– Ужинать будете дома? – спросил он наконец.
– Нет. Меня ждут на концерт. Эмиль поднял брови.
– Вы все же пойдете на концерт? После такой дальней поездки? Ваша встреча с герцогом Орлеанским вряд ли была очень приятной.
Ян стиснул зубы.
– Да. Не очень.
– Вы предостерегали его, посоветовав держаться подальше от Анри Сен-Альбана. Он вас поблагодарил. Теперь вы предупреждаете его, что его дружба с Пьером де Лакло выглядит подозрительно. Он, вероятно, раздражен тем, что его дела все больше и больше становятся известными в обществе.
Раздевшись, Ян погрузился в ванну. Горячая вода ослабила боль в усталых мышцах. Он закрыл глаза и в ответ на слова Эмиля отсутствующе кивнул.
– Вы ступили на зыбкую почву, – неодобрительно заметил Эмиль.
– Я знаю. – Ян принялся намыливать грудь и плечи. – Не спрашивай меня, как это произошло, потому что я сам не знаю, Боже, как я устал!
– И тем не менее собираетесь пойти на этот музыкальный фарс?
– Я получил приглашение, написанное Ее величеством собственноручно, – сказал сердито Ян, – и не могу этим пренебречь.

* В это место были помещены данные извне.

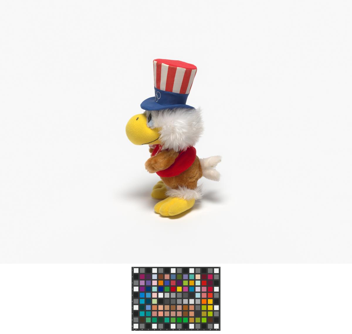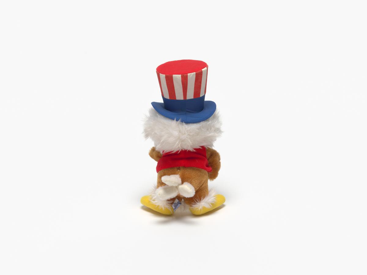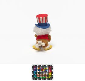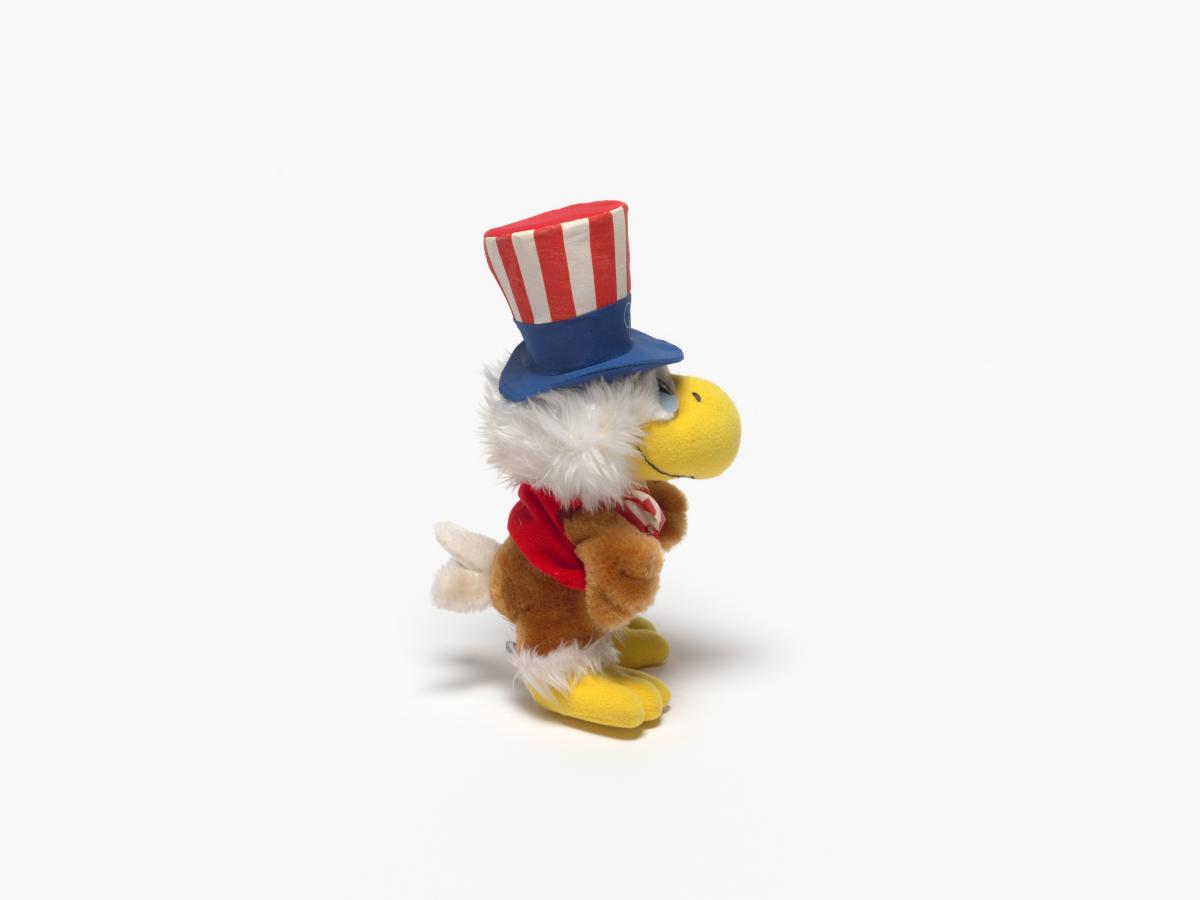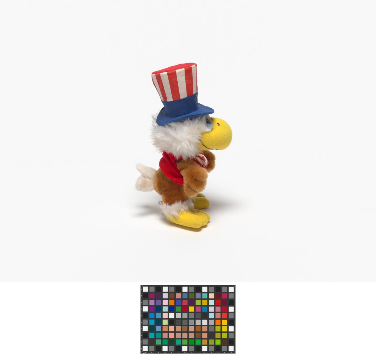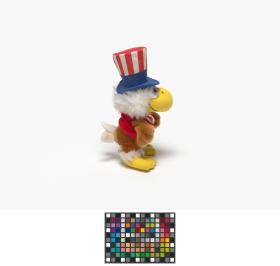 The eagle plush is wearing a top hat with the american flag colors.

Он нахмурился. Мысль о необходимости сидеть бесконечные часы на этом сборище льстецов вызвала пульсирующую боль в голове. Ему трудно было поверить, что он когда-то находил удовольствие в атмосфере Версаля, в балах и ужинах, что он трепетал, предвкушая обладание той или иной красавицей. Разумеется, не к этому стремился он, когда впервые приехал сюда много лет назад, сгорая от желания отомстить за смерть отчима, чье изуродованное, невероятно распухшее и неузнаваемое тело он привез домой в Нюи Домен в заколоченном деревянном гробу.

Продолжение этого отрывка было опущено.